A chapa de Cassinho e Fatinha foi cassada, inicialmente em 2013, pelo Tribunal Regional Eleitoral de Minas Gerais, por abuso de poder político por parte do ex-prefeito Carlos Roberto Rodrigues (PT) em favor da candidatura de Cássio Magnani. Segundo o TSE, o abuso ficou evidente “pela permissão de cessão de uso de terrenos públicos a particulares, pela permissão de cessão de uso de terreno público à Igreja do Evangelho Quadrangular e pela promessa de tablets a estudantes”.

Cassio Magnani e Fátima Aguiar e o ex-prefeito Carlinhos Rodrigues haviam sido declarados inelegíveis por oito anos. Com essa nova decisão, apenas o ex-prefeito Carlinhos do PT não poderá se eleger. Além disso, foi retirada dos executivos municipais cassados a multa de R$ 25 mil que havia sido estipulada em 1ª instância em setembro de 2015.   
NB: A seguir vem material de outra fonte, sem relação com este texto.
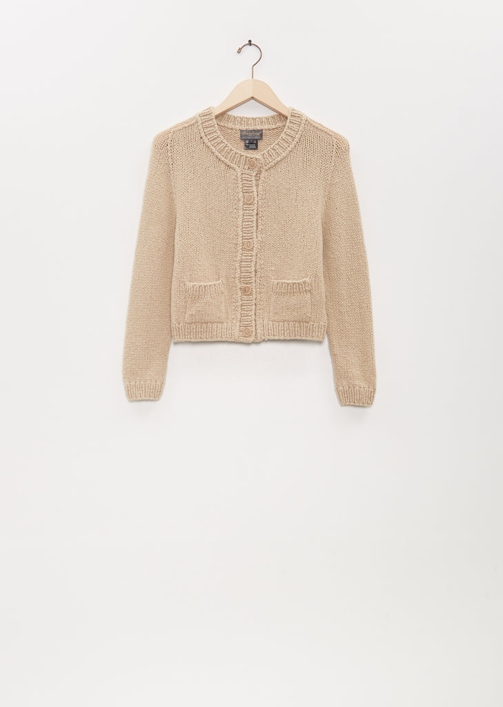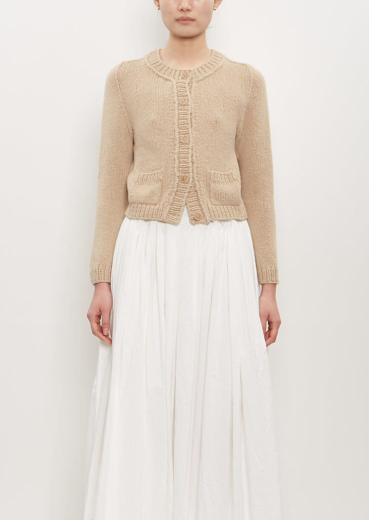 Wommelsdorf desert beige slightly cropped cardigan sweater with a crew neck hand-knitted in Berlin from the finest cashmere yarns. Features front patch pockets and a rib trim finish at neckline, placket, pockets, cuffs, and hem. Finished with tonal buttons.

A ação de investigação judicial eleitoral junto ao TRE foi proposta por Penido (DEM), que ficou em segundo lugar na última disputa eleitoral no município, e desde que foi vencida em 1ª e 2ª instâncias vinha sendo contornada com liminares, pareceres e pedidos de vistas ao processo que impediram a posse imediata de Vítor.

NOTA DA REDAÇÃO

O JORNAL BELVEDERE foi o primeiro veículo a denunciar o abuso de poder político e as práticas ilegais adotadas durante a campanha e, por isso, sua editora, Goretti Sena, foi ré em um processo e acusada por calúnia e difamação pelo chefe do executivo municipal e sua vice. O BELVEDERE foi também o único Jornal a receber o processo, embora todos os outros veículos de comunicação – mídia impressa e eletrônica – tenham divulgado o caso na época após o mesmo se tornar público. Para o BELVEDERE, a confirmação da sentença do TSE valida seu compromisso com a verdade.